Edit2: just noticed that I left the UTF-8 test active with the flashing inactive, changed tft.c to the original version

[BRT Community]

Hi Rudolph,
Thanks for your detailed information, we will review your feedback,
Yes, the main difference is that having the BLOB and Flash in full speed prevents the command from setting a value which exceeds the spec of the PLL frequency. Without these it may set a value which exceeds the allowable spec and so may affect reliable operation.

Best Regards, BRT Community

[Rudolph]

Hi Rudolph,
Thanks for your detailed information, we will review your feedback,
Yes, the main difference is that having the BLOB and Flash in full speed prevents the command from setting a value which exceeds the spec of the PLL frequency.
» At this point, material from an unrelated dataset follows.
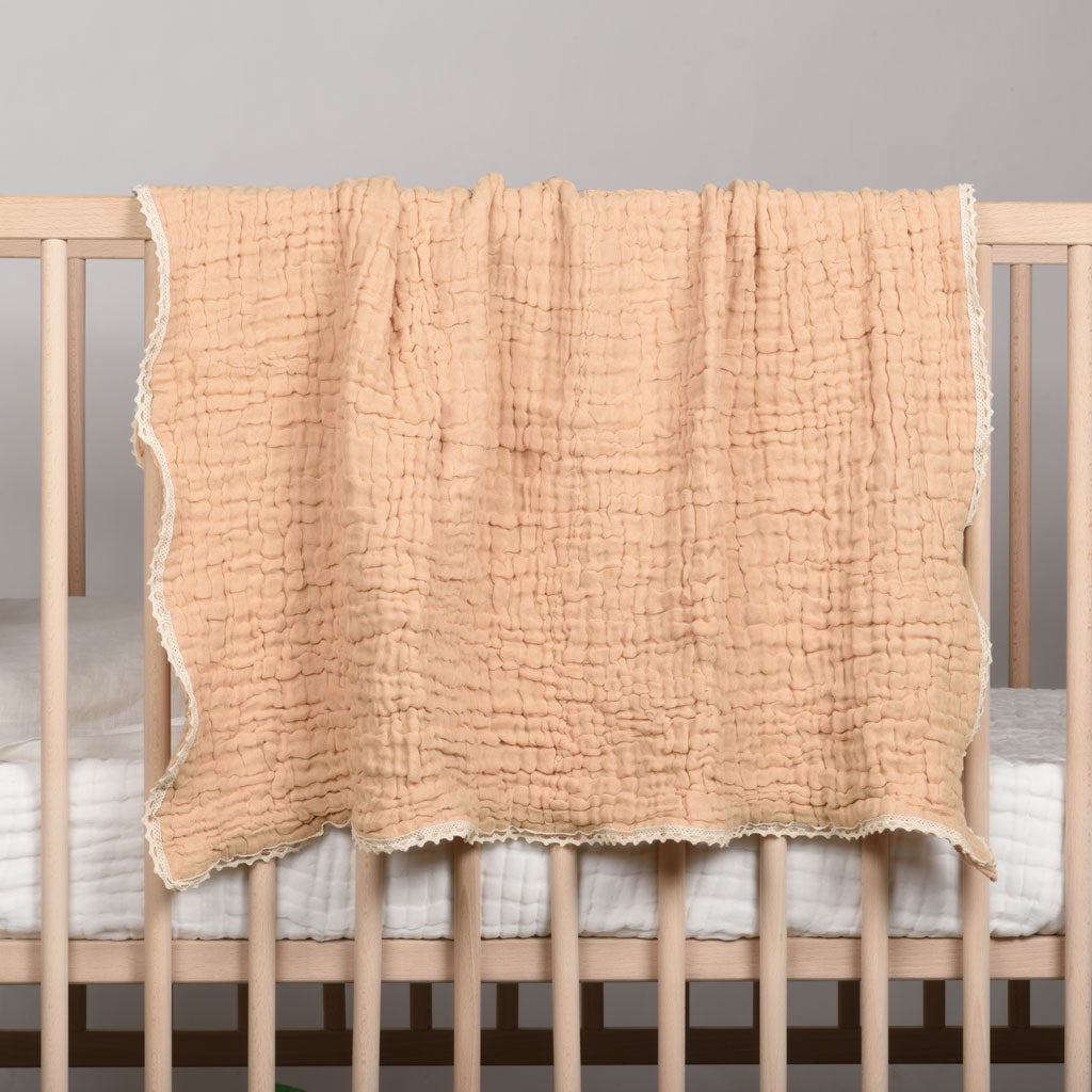 Cette couverture certifiées OEKO-TEX est fait de 6 épaisseurs de mousseline de coton se qui la rend moelleuse mais elle conserve la propriété respirant de la mousseline. Une délicate bande de dentelle de coton couleur écru est présente sur les 4 côtés.
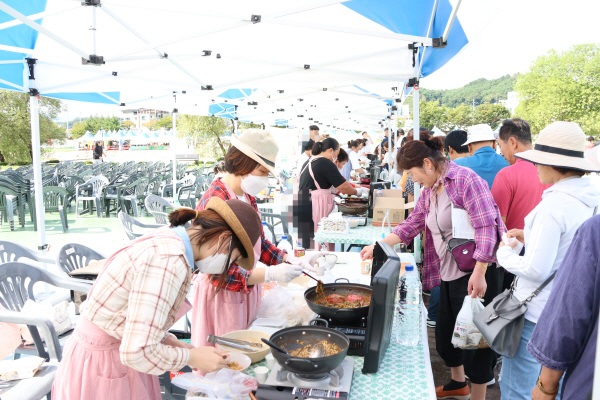 봉화송이한약우축제 프로그램중 하나인 가족이 함께하는 다같이 송송 요리대회에 6개 팀이 참여해 봉화 한약우, 봉화 은어 등을 활용한 요리를 선보였다. (사진 = 김오현기자)

Without these it may set a value which exceeds the allowable spec and so may affect reliable operation.

Best Regards, BRT Community

Thank you for the confirmation!
As I wrote, I never encountered the issue but at the very least my code is running more robust now after I changed it to not use CMD_PLKFREQ anymore.
Not that CMD_PLKFREQ is not working, but as I provide a library for anyone to use I can not rely on the content of an external flash that might not even be there.
I do not even have flash initialization in my init function so it can be done if required.